What is required:
From top to bottom, retype the data exactly, passing over any picture.

Data:
******************************

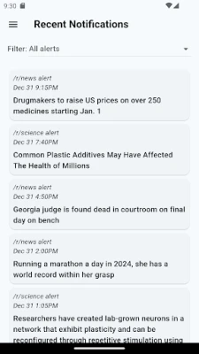 - View recent alerts for your subscribed subreddits and users right in the app.
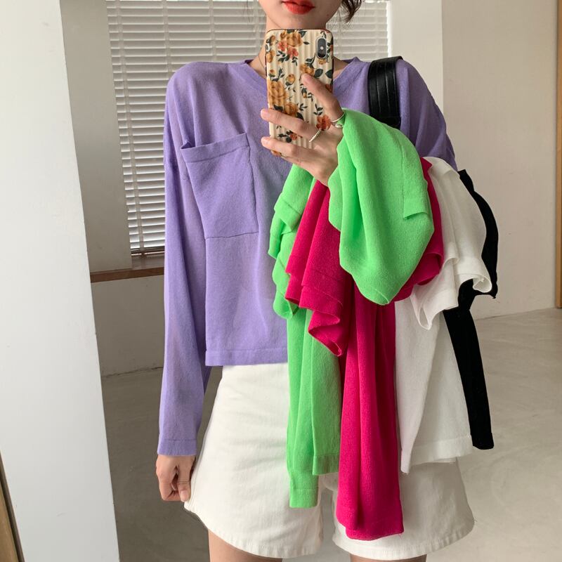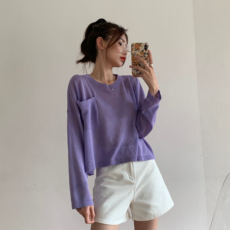 2020年夏の新しいルーズヘッジ薄い日焼け止めブラウスアイスシルク長袖ニットTシャツパープルトップ女性 1号婦人66089020522
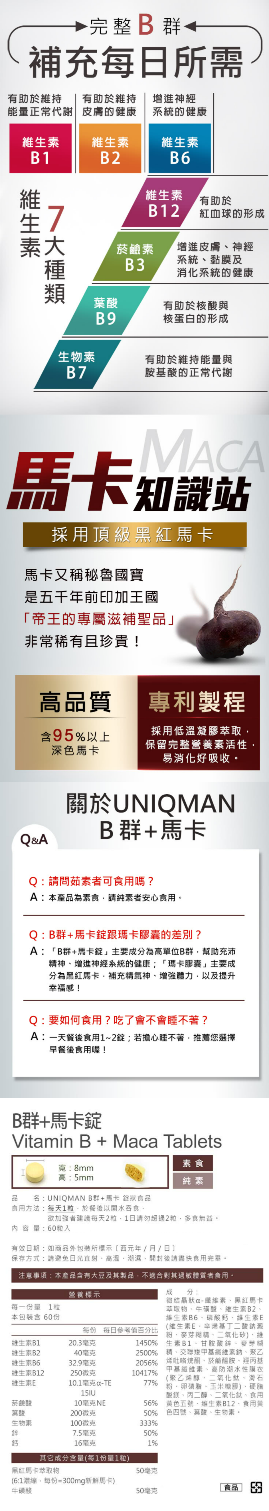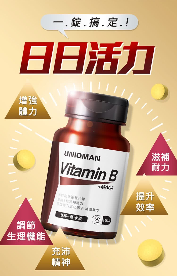 UNIQMAN B群+馬卡錠,專為男性設計的活力補給品。每錠結合完整B群與頂級黑紅馬卡,能有效維持能量正常代謝,告別疲勞感,同時補充戰鬥力。B群有助於增進神經系統健康,馬卡則能滋補強身,提升幸福感。本產品為丸片/膠囊類型,每罐60錠,方便每日補充,是您維持健康、提升活力的最佳選擇。

******************************

Completed task:
 - View recent alerts for your subscribed subreddits and users right in the app.
 2020年夏の新しいルーズヘッジ薄い日焼け止めブラウスアイスシルク長袖ニットTシャツパープルトップ女性 1号婦人66089020522
 UNIQMAN B群+馬卡錠,專為男性設計的活力補給品。每錠結合完整B群與頂級黑紅馬卡,能有效維持能量正常代謝,告別疲勞感,同時補充戰鬥力。B群有助於增進神經系統健康,馬卡則能滋補強身,提升幸福感。本產品為丸片/膠囊類型,每罐60錠,方便每日補充,是您維持健康、提升活力的最佳選擇。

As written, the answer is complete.